Сейчас приведу образец рабочего собрания. Такие были по всей стране. Навидался. Наслушался. В организациях умудрялись проводить их совместно с коммунистами. И назывались они коммунистические пятницы. И это ещё один факт. Первым, среди рабочих, выступил Балаболкин.

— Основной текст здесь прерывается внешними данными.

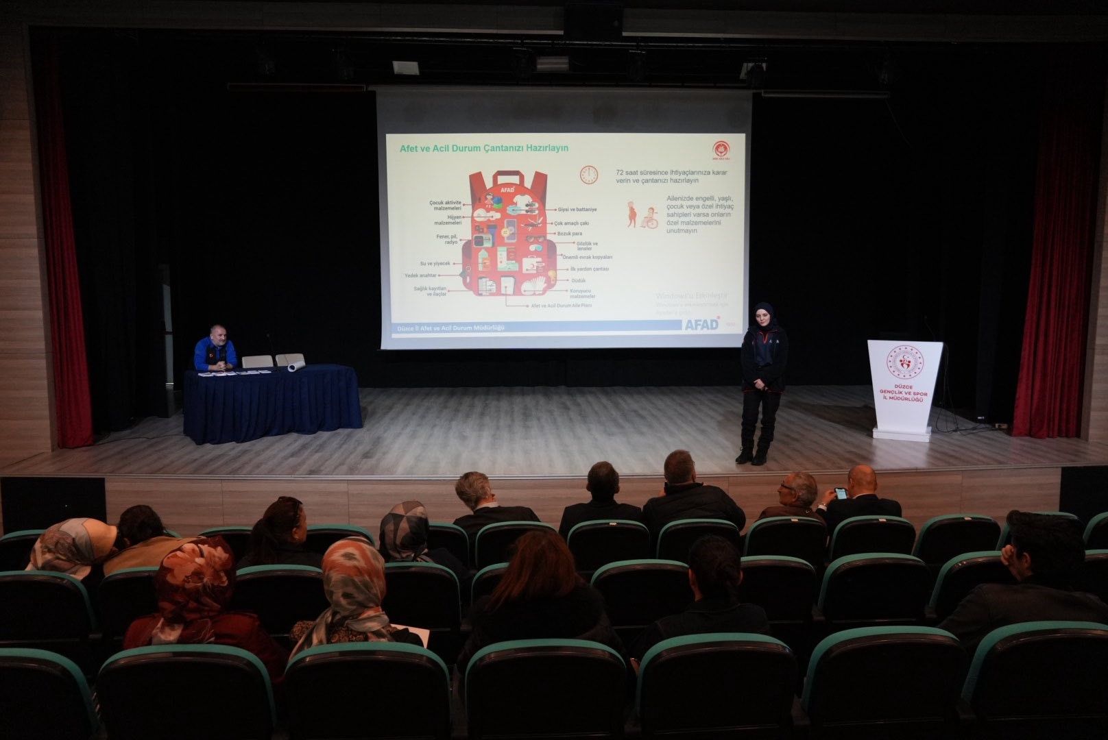 Düzce Gençlik ve Spor İl Müdürlüğü Konferans Salonu’nda, yurtlarda görev yapan Sivil Savunma Amirleri ve Yardımcılarına yönelik olarak Afet ve Acil Durum Yönetimi Başkanlığı (AFAD) ekipleri tarafından eğitim düzenlendi.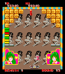 It's not that it's bad out of a lack of effort, mind you, because despite its gutter-trash premise (which you can probably guess from the title alone) there's some pretty neat ideas in here. Block Gal isn't very subtle, however- it's a blatant rip-off of Arkanoid (which of course is a rip-off of Breakout but don't tell Atari) which came out in the previous year, pinching the gameplay basics and adding a few twists of its own. On the off-chance that you haven't played Arkanoid, or Breakout, or Prism Land Story or anything like it, then I have to ask which rock you've been living under for the past 20-odd years. For now, I'll humour you- you control a bat with a analogue paddle, and you've got to keep the ball from falling past the bat while trying to destroy all the blocks on the round by smashing them with the ball. You can also pick up power-ups in each round to help you out (see, this is what makes Block Gal a clone of Arkanoid and not Breakout). Clear the board of all blocks, move on to the next round, lather, rinse, repeat.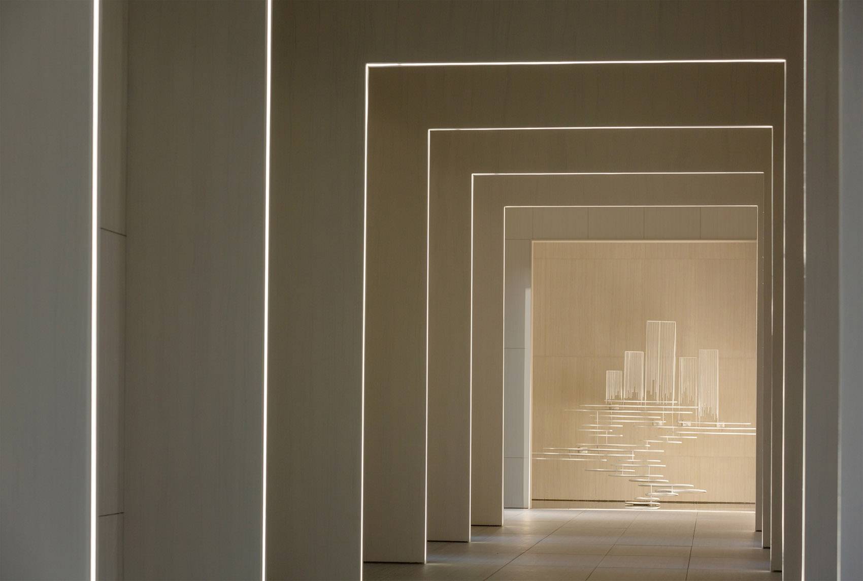 同時,考慮藝術(shù)的視覺感知,漂浮的大門橫向延伸,將大門構(gòu)筑漂浮離地面至一米的距離,構(gòu)筑后半部分為結(jié)構(gòu)主要受力部分讓整個大門向外懸挑2700mm,構(gòu)筑下方以柔軟的地形做依托結(jié)合結(jié)構(gòu)墻以鏡面不銹鋼貼面形成反射,讓底部形成消隱懸空,大門構(gòu)筑以1450*2700mm超白玻及極細(xì)的扁鋼線條方式創(chuàng)造極簡的整體形象,更輕盈的呈現(xiàn)出漂浮的設(shè)計感。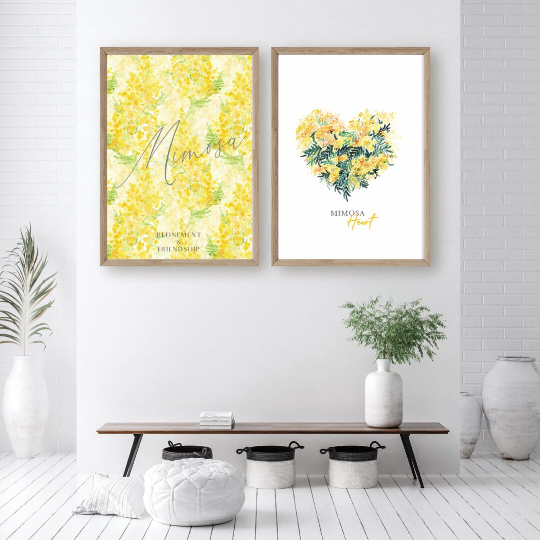 ミモザをモチーフにして、リースやスワッグなど、さまざまなタイプのポスターを作ってみました。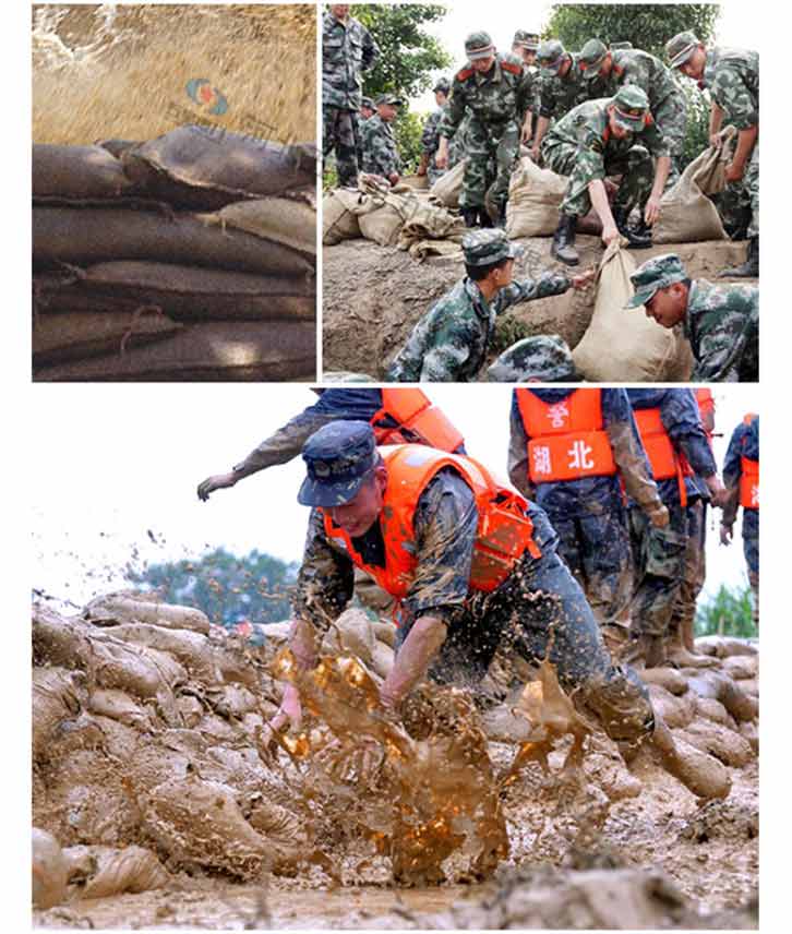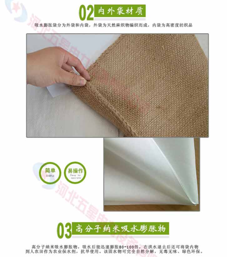 吸水膨脹袋內(nèi)裝的是新型的高分子納米吸水物質(zhì),這種物質(zhì)無(wú)毒、無(wú)味、無(wú)污染,吸水膨脹前為極小的顆粒物質(zhì),吸水后為黑豆大小的含水物質(zhì),干凈且無(wú)公害,待高分子吸水物質(zhì)使用后可用于農(nóng)業(yè)保水抗旱,所以在洪水過(guò)后可就地將袋內(nèi)的物質(zhì)傾倒入農(nóng)田中,在泥土中可完全分解,是綠色環(huán)保、一舉兩得的首選產(chǎn)品。外袋為純麻布和棉布織成,遇水后麻繩可更加結(jié)實(shí)耐磨。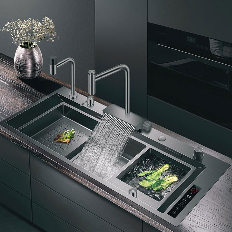 Werten Sie Ihre Küche mit dem übergroßen Nano Black Diamond Double Tank von Sink Kitchen auf, in dem Innovation, Stil und Individualisierung zusammenkommen. Vertrauen Sie darauf, dass MNBAM eine anspruchsvolle und funktionale Küchenlösung liefert, die die perfekte Verbindung von Technologie und Design widerspiegelt.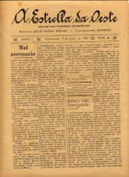 JORNAL: A ESTRELLA DA OESTE - NOTÍCIAS, REPORTAGENS, INFORMAÇÕES E PROPAGANDAS. PRIMEIRA PÁGINA: "MAL NECESSÁRIO" - "HISTÓRIA TRISTE".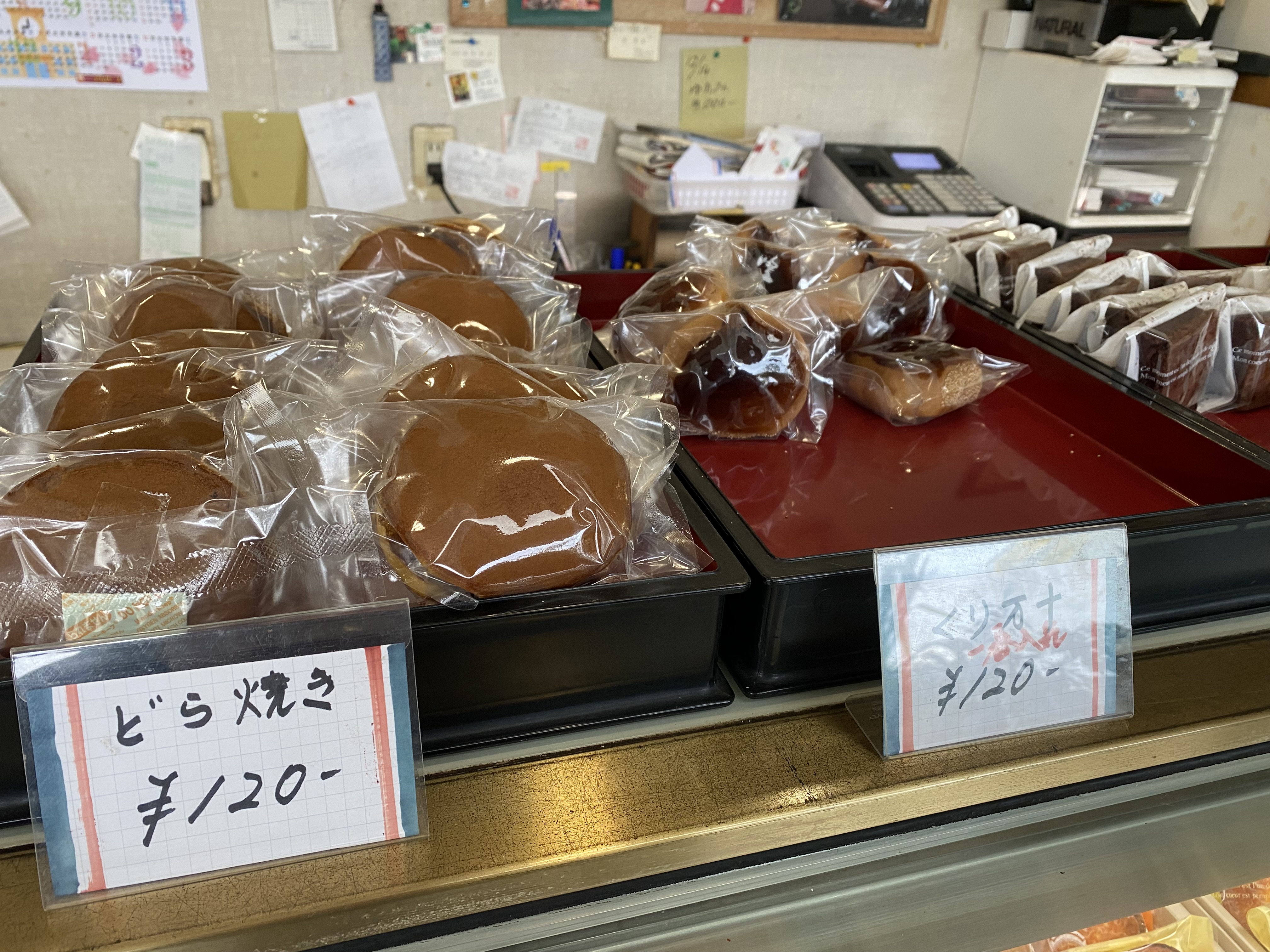 更に、どら焼き120円、くり万十110円

- Сейчас, когда наша страна напряглась как стальная пружина и идет к завершению пятилетки, мы – коммунисты, как один, конечно, с рабочим классом, должны каждый на своем месте отдавать все свои силы для выполнения плана. – говорил оратор и вид у него был такой, словно он стоял перед зеркалом и любовался собой, своими четкими движениями, стройной фигурой, красивой сединой на висках, а главное, своей зажигательной речью. А она так и лилась из него. – Я задаю себе вопрос. Сможем ли мы выполнить план до конца года. И отвечаю. – И он обвел нашу братию орлиным взором и резко махнул рукой. – Сможем. Но только в том случае, если сплотимся вокруг нашей коммунистической партии, и если каждый из нас задаст себе вопрос, а что он сделал для партии, для народа?..И снова задаю себе вопрос…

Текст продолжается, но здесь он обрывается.